I never thought this day would be so hard. I have known Ainsley since she was in Jill's tummy. I remember Jill coming to pick up her son, Josh and we were playing outside by the swing-set. Jill asked me if I would have any openings for an infant. I was so excited for their family. Ainsley came into this world with a bang. And I have loved her since she was born.
I have had Josh since he was 2(ish). Meeting Josh was totally a God thing. One morning I heard a knock on the door. It was Jill. Her provider down the street was closed and hadn't given the dates to Jill. Jill needed to get to work, we became friends and shortly after I started watching Josh full time. I am thankful for the mishap that happened with Josh's other provider. It was the start of friendship and bond for me to this family.
My Josh... even though you have been in school now for 2 years, I have LOVED watching you on your days off. I have enjoyed watching you develop into a smart, loving, little young man. You are a great friend to my Kadyn. The bond you two have is one of no other. Kadyn loves you, we love you. I am excited to see where this journey will lead you.

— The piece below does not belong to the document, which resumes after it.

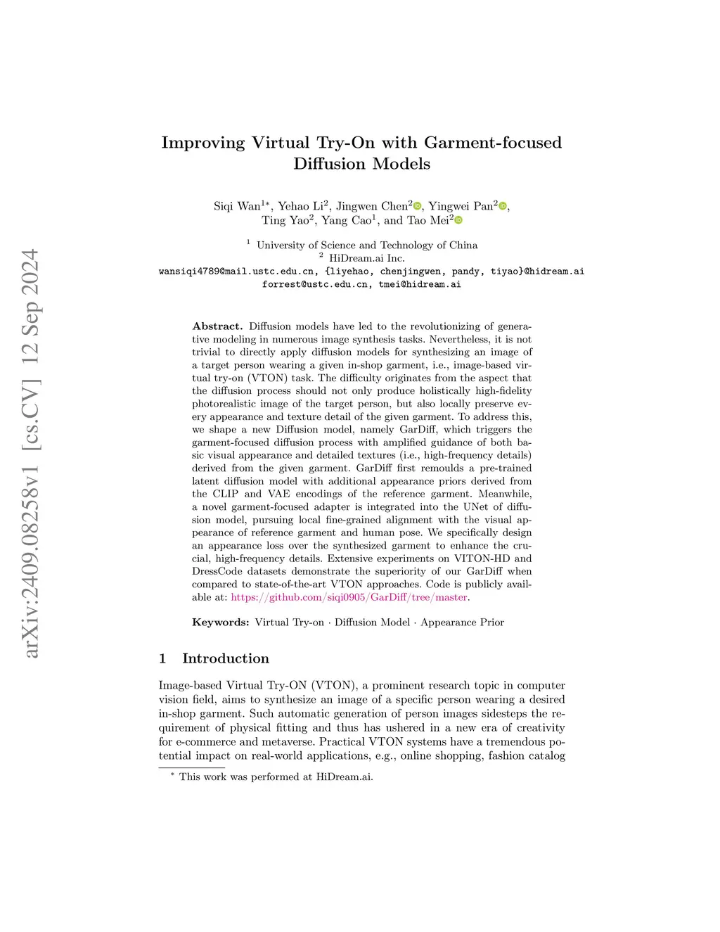Diffusion models have led to the revolutionizing of generative modeling in numerous image synthesis tasks. Nevertheless, it is not trivial to directly apply diffusion models for synthesizing an image of a target person wearing a given in-shop garment, i.e., image-based virtual try-on (VTON) task. The difficulty originates from the aspect that the diffusion process should not only produce holistically high-fidelity photorealistic image of the target person, but also locally preserve every appearance and texture detail of the given garment. To address this, we shape a new Diffusion model, namely GarDiff, which triggers the garment-focused diffusion process with amplified guidance of both basic visual appearance and detailed textures (i.e., high-frequency details) derived from the given garment. GarDiff first remoulds a pre-trained latent diffusion model with additional appearance priors derived from the CLIP and VAE encodings of the reference garment. Meanwhile, a novel garment-focused adapter is integrated into the UNet of diffusion model, pursuing local fine-grained alignment with the visual appearance of reference garment and human pose. We specifically design an appearance loss over the synthesized garment to enhance the crucial, high-frequency details. Extensive experiments on VITON-HD and DressCode datasets demonstrate the superiority of our GarDiff when compared to state-of-the-art VTON approaches. Code is publicly available at: \href{https://github.com/siqi0905/GarDiff/tree/master}{https://github.com/siqi0905/GarDiff/tree/master}.

I can't wait to hear that you are starting hockey or some cool sport like that. I have always thought you and Kadyn would grow up and get married. But I have also realized you are more of a brother to her. I know she will have tears when you leave. But she is already selling things to earn money for her first trip to see you! You have always been a part of our family. Our sleepovers, spending the week with us, and just coming over to play. I will miss these times more then I can ever say. You were one of my first handful of peanuts that I started with. We love you Josh!

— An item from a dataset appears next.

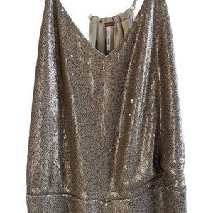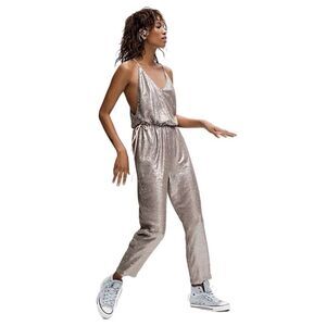 Shiny sequin jumpsuit featured in a slouchy silhouette with straight legs. Dramatic dropped an armholes with side ties. Adjustable straps. Lined.

My Ainsley... I must say I am a little jealous of the teacher that will get to teach you this fall. I still am in shock that I do not have this last year with you. You will be great at your new school. You will make new friends and love being the new sassy girl. You have my heart. You have always been one of my own. Watching you grow up has made my heart happy. I can not express how much I have loved having you the past 4 years of your life. Your big hugs, always wanting to sit with me, and letting me fix your hair will always be memories I have with you. Mia and Kendal are going to miss you too- you are their sister as well. We love you Ainsley Marie. I know you will do big things at your new school. I am so proud of you.
Jill and Rob... Thank you for all of these years. Thank you for making these babies. And, thank you for your families friendship. From the bottom of my heart I will miss you, wish the best for you, and can't wait to see God's plan unfold for your family!
You guys have been a blessing to our family and daycare family! We love you!